I’m aware of the consequences this statement may provoke with vegetarian or vegan parents, but I’ll give it a try: Without meat children are damaged, and denying them meat is unethical. Correction: this is what a leading US nutritionist says, and well, last time I checked, if you’re a leading anything on a national scale as opposed to Ms/Mr So-and-So, people tend to listen up.
According to what Professor Lindsay Allen of the University of California says, “If you’re talking about feeding young children and pregnant women and lactating women I would go as far as to say it is unethical to withhold these foods during that period of life. There’s a lot of empirical research that will show the very adverse effects on child development of doing that.”
Being a strict vegetarian, I can’t help thinking that this idea doesn’t resonate well with me, but on the other hand, I know that meat does contain very essential stuff that a young body needs – the “building blocks” like protein and iron. Plus, a leading nutritionist is highly unlikely to make up the results of her study. Or is she?
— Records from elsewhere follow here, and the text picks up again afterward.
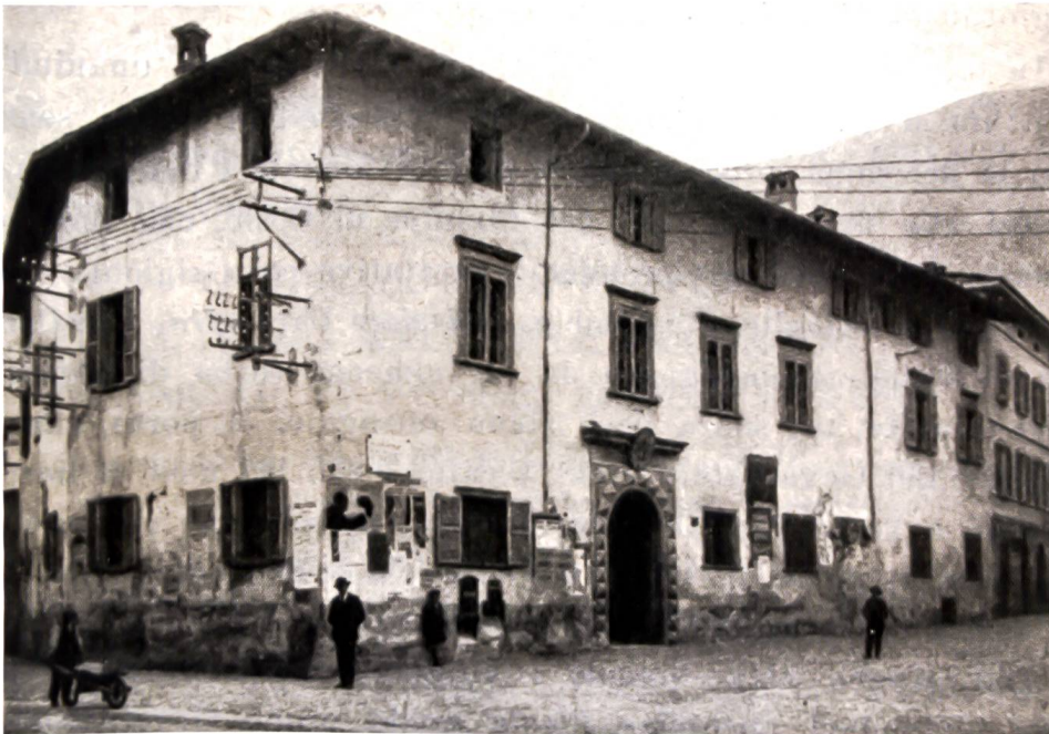
Bild 1: Aufnahme des Pretorios vor der Restauration von 1915/17. Es ist das älteste uns bekannte Bild und zeigt das Pretorio in einem desolaten Zustand. 23 Il Pretorio prima del restauro del 1915/17. La foto, la più antica a noi giunta, mostra il Pretorio in uno stato di decadenza e di degrado.

Truppen der Drei Bünde unter der Führung von Conradin Planta bekanntlich das Veltlin und die beiden Grafschaften Chiavenna und Bormio ein. Drei Jahre später nahm Rudolf v. Marmels, der als Erster vom Consiglio della Valle als Landeshauptmann anerkannt wurde, Sitz im Schloss Masegra oberhalb von Sondrio. Demnach könnte dies möglicherweise der erste offizielle Amtssitz des Landeshauptmanns gewesen sein, denn der Palazzo an der Piazza Campello stammt erst aus dem Jahre 1552. 22
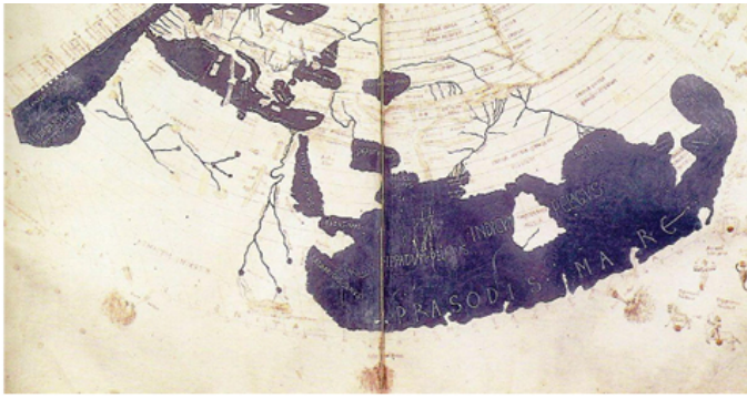
Птоlemeјева карта света

????? ???? ??????? ???????, ?? ?????? ????????
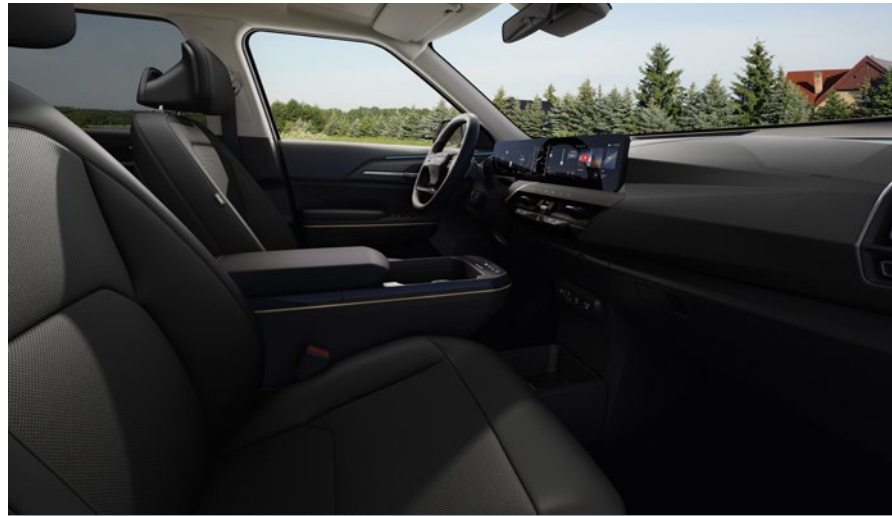
Tissu / Cuir vegan - Noir & Ciel de Toit - Gris (de série sur Business Plus) Stof / Vegan leder - Zwart & Dakhemel - Grijs (standaard op Business Plus)
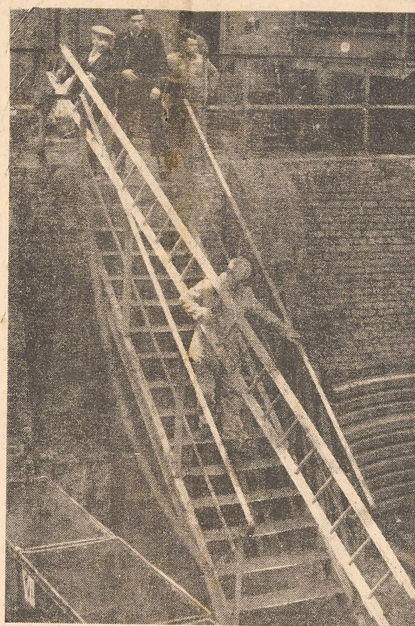
Nous avons annoncé que mardi dans la soirée, des échelles en aluminium avaient été amenées au puits du Cazier. Ces échelles étaient destinées à faciliter l'accès à la plate-cuve située à 1020 m. Voici l'une de ces échelles.
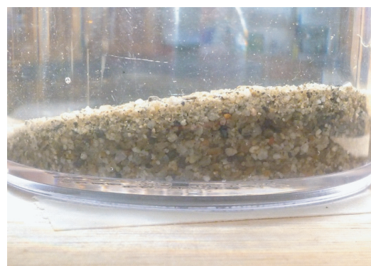
図7. グランドの土を流して作った地層の様子。

「どのように地層ができたのか」という疑問に対して、阿多岐層を思い出させた。阿多岐地区は昔大きな湖であったこと、珪藻の死骸がたまって珪藻土となっていることから、「水の中に土が積もった」ということを考えさせた。そこから「湖の中にどのように地層ができるのか」という疑問が生まれ、「水のはたらきによって形成される地層」がどのようにできるかモデル実験を行った。
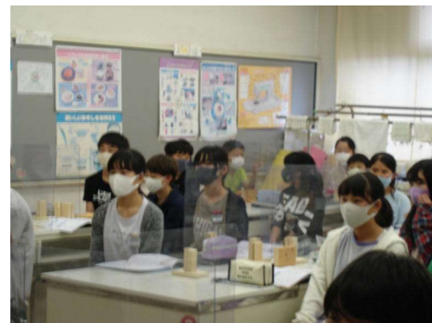
< 6年生：家庭科グループ学習 >
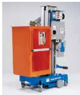
标准玻璃纤维平台* 74×67 厘米适用于常规作业的玻璃纤维设计，可容纳工具和物料。
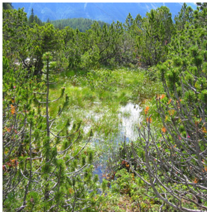
Biotope avec la typique végétation alpestre
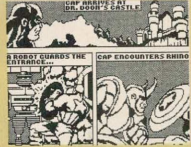
DR. DOOM'S REVENGE

À primeira vista pensei que este jogo fosse uma reedição de um outro jogo, o SUPER STUNTMAN, mas quando deparei com a qualidade do mesmo e com as «inovações», apercebi-me de que realmente se tratava de mais um jogo. Isto só para salientar até onde vai a originalidade deste AMERICAN TURBO KING, também muito ao estilo do clássico SPY HUNTER. No jogo controlamos um carro desportivo, visto de cima, e estamos numa corrida (contra quem?) constituída por cinco fases, na qual podemos abater todos os obstáculos móveis, terrestres e aéreos, que nos surgem pelo caminho. TURBO KING é deveras decepcionante a nível da originalidade e possui, a nível de cenários, uma enorme falta de criatividade e mesmo de cuidado na programação!
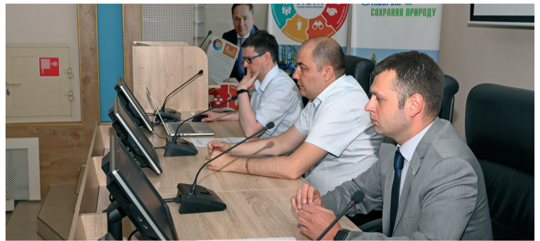
Научно-техническое совещание на базе ООО «Газпром трансгаз Волгоград»
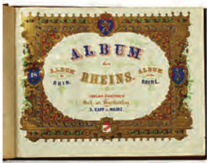
Page de titre, Album des Rheins , vers 1860

On a modifié la pratique en vigueur jusqu'ici dans le traitement des envois de masse en provenance des éditeurs. Ils sont préparés, pourvus d'une cote, entreposés sur leur emplacement définitif dans les magasins souterrains et ne seront indexés que plus tard en suivant une procédure semi-automatique.
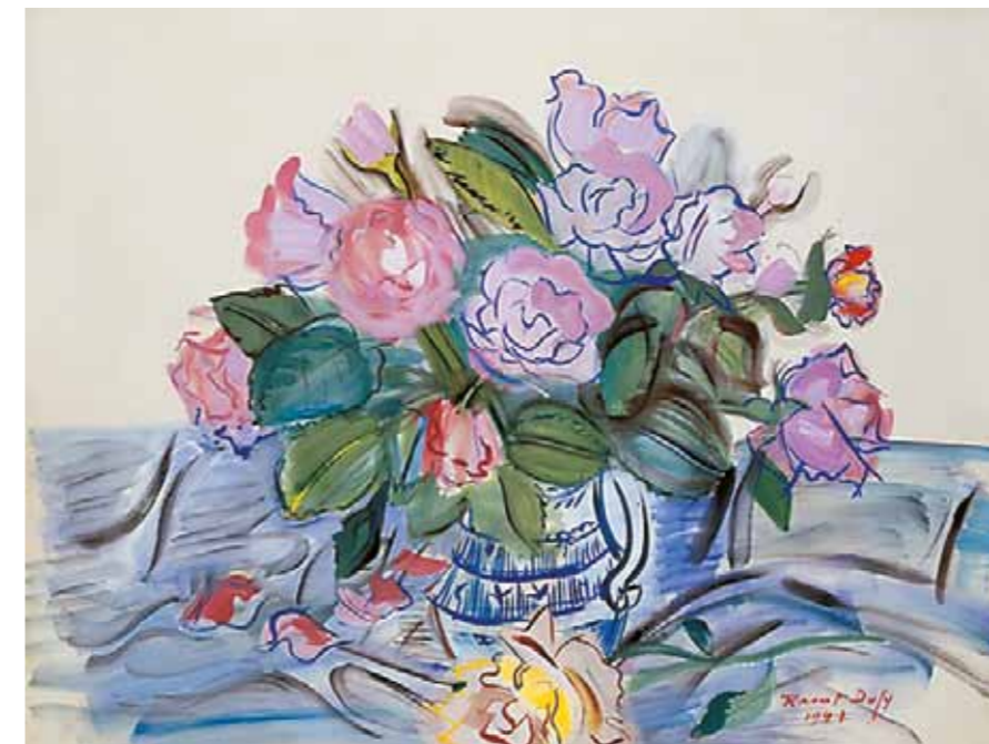
1. Raoul Dufy: Rózsák kék vázában, 1941 The Metropolitan Museum of Art, New York

Prof. Allen felt that she had a right to make such claims after she got the final results of her research. What the research says is basically this: adding just two spoonfuls of meat into the daily diet of kids from impoverished regions makes a whole lot of difference in how they develop both, physically and mentally. The group of African children involved in the study have shown very good progress over a 2-year span, being more active in school and developing muscle (almost double, in fact, as compared to kids who weren’t getting meat).
Truth be told, a lot of experts have questioned the results, claiming that her research was conducted in a very different setting and that the results of the research may not be applicable to kids from developed countries. Others (and here I will do some name dropping – Sir Paul McCartney – who’s been a vegetarian for 20 years) have gone as far as to say that these claims are just a good way to boost the meat business again, as the sales have been going downhill.
Whichever side you have chosen, I say it’s important to agree to disagree, but also – to provide your kid with a balanced diet. And apart from protein (again, whichever way you choose to include it into your child’s diet) you should make sure you include veggies, too.